Otra razón para hacer press de piernas y pull-downs: pueden mejorar su fuerza y resistencia a medida que envejece. 

Seis meses de ejercicio de intensidad moderada a alta produjeron una mayor pérdida de grasa, tanto la grasa abdominal interna como la grasa debajo de la piel, entre los adultos mayores con VIH en comparación con sus compañeros sin VIH.

Pero las personas mayores con VIH ganaron menos masa muscular magra, una nota importante, ya que la masa muscular ayuda a mantener la fuerza y la resistencia, entre otras cosas. 

Estos fueron los hallazgos de un pequeño estudio publicado en el Journal of Acquired Immune Deficiency Syndrome. 

El propio VIH y los antirretrovirales (ARV) utilizados para tratar el virus pueden tener un impacto en la composición corporal. 

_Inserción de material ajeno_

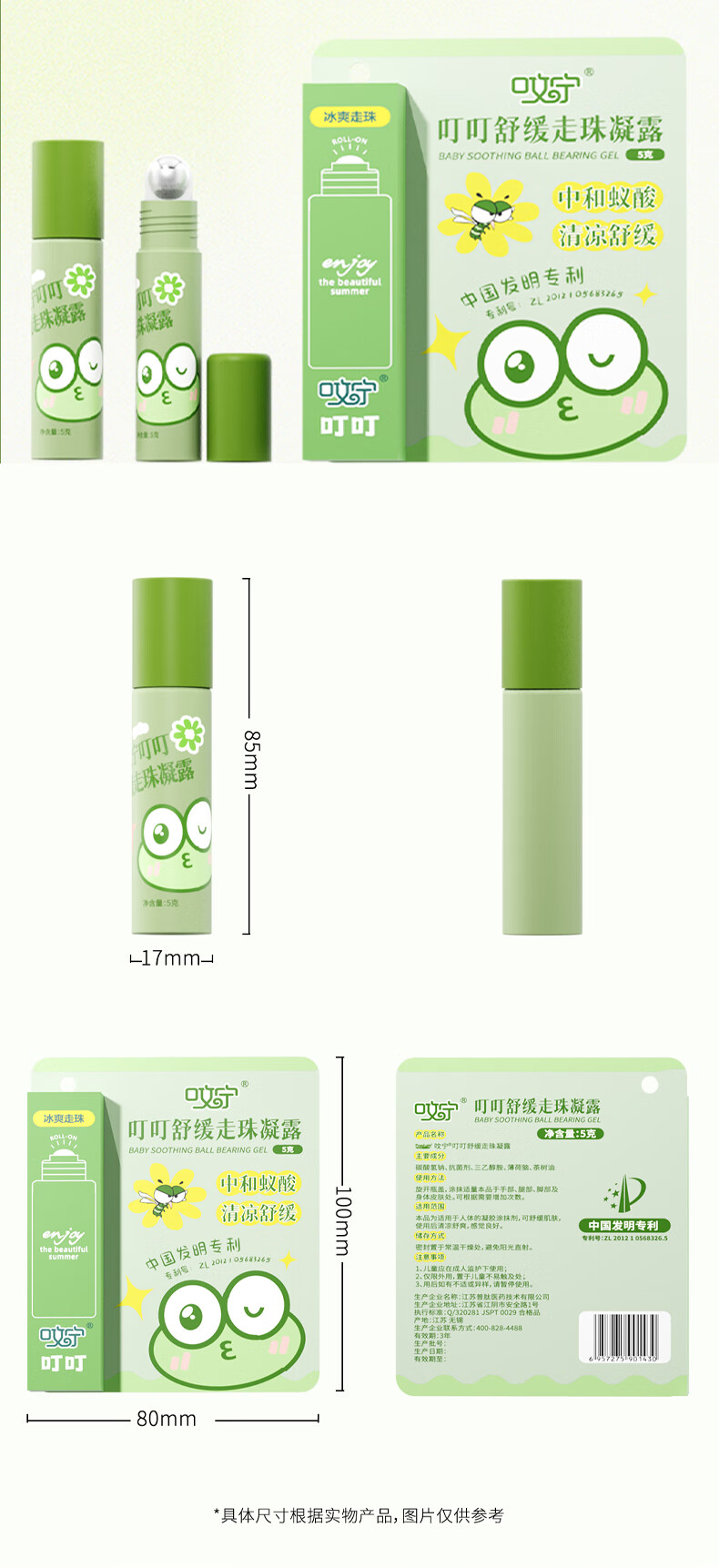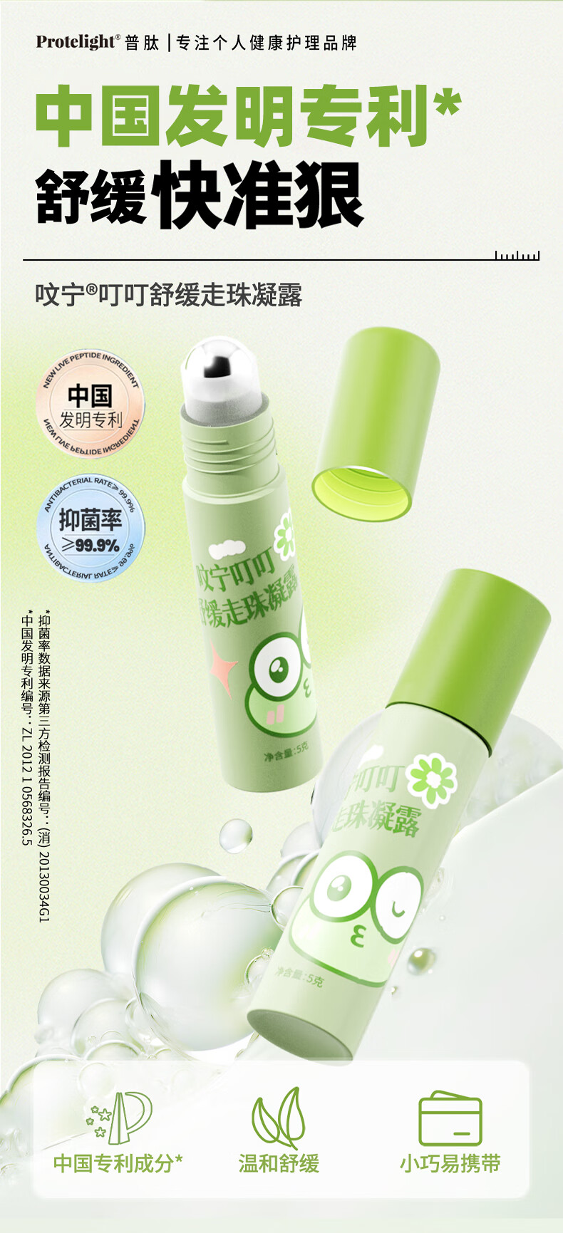 普肽呅宁叮叮舒缓走珠凝露5gx1支 婴儿清凉露叮包舒缓蚊虫叮咬儿童

Algunas personas experimentan un aumento de peso después de comenzar con ARV modernos o cambiar a nuevos medicamentos. 

Esto puede incluir ganancias tanto de grasa visceral dentro del abdomen que rodea los órganos internos, que puede causar un vientre duro, como de grasa subcutánea suave debajo de la piel, especialmente alrededor del abdomen, muslos, caderas y glúteos. 

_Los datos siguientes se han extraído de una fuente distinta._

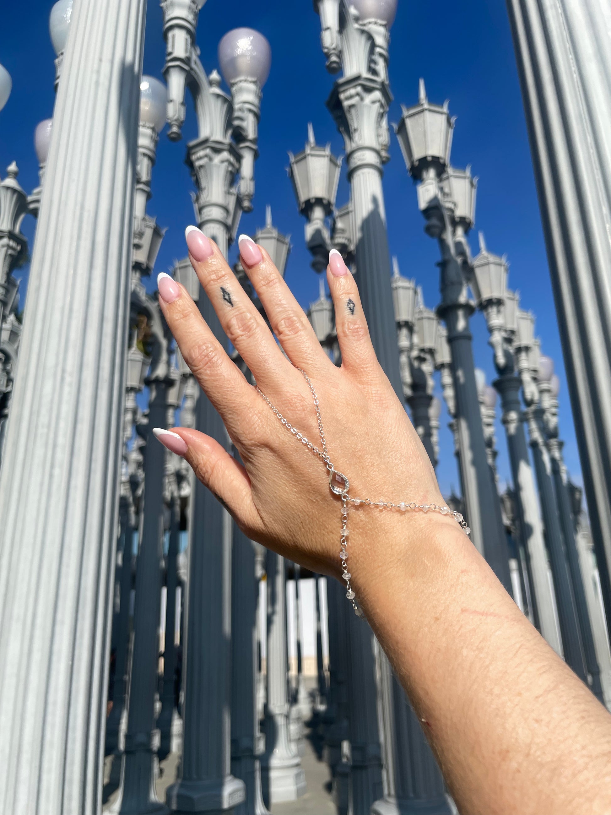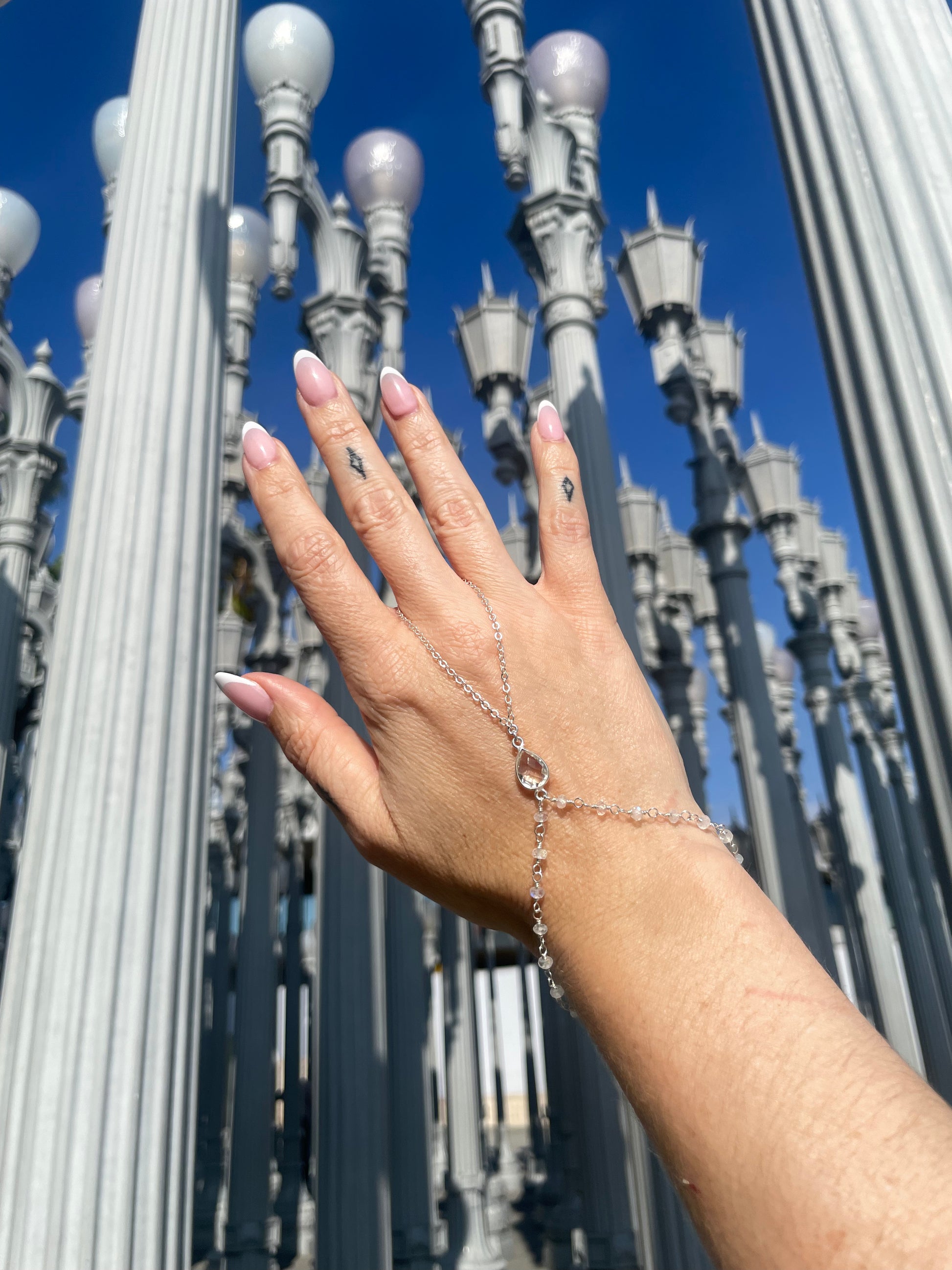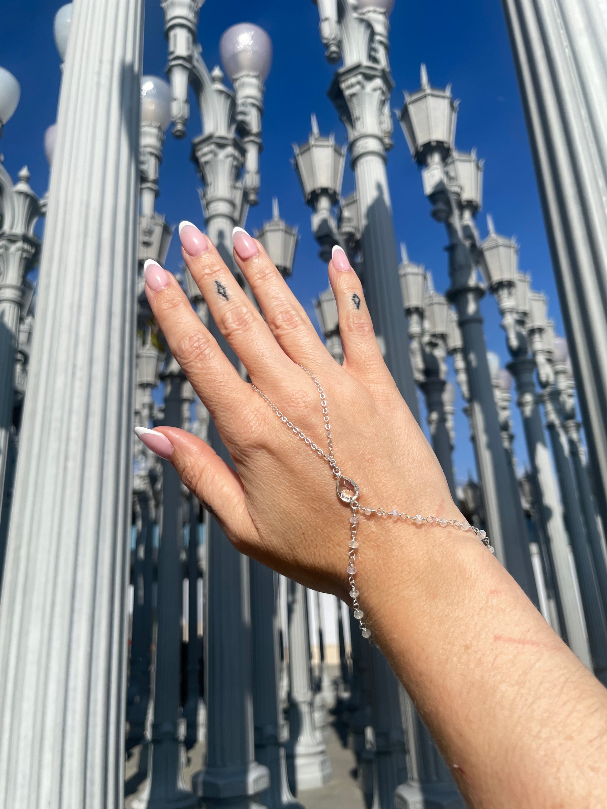 Crystal Quartz w/ Wrapped Moonstone Silver Hand Chain

La grasa visceral está relacionada con más riesgos para la salud, como enfermedades cardíacas y enfermedad del hígado graso. 

Las personas que envejecen con el VIH, especialmente los sobrevivientes a largo plazo que usaron ARV más antiguos, pueden haber experimentado de todo, desde el síndrome de emaciación (una pérdida generalizada de grasa y masa muscular magra) hasta la lipodistrofia, caracterizada por un aumento de la grasa abdominal y una pérdida de grasa subcutánea en la cara y extremidades. 

“El aumento embotado de la masa magra en [personas con VIH] puede estar relacionado con la disfunción mitocondrial persistente debido a la exposición previa a análogos de timidina o infección por VIH”, escribieron la autora principal Catherine Jankowski, PhD, de la Universidad de Colorado, y sus colegas. 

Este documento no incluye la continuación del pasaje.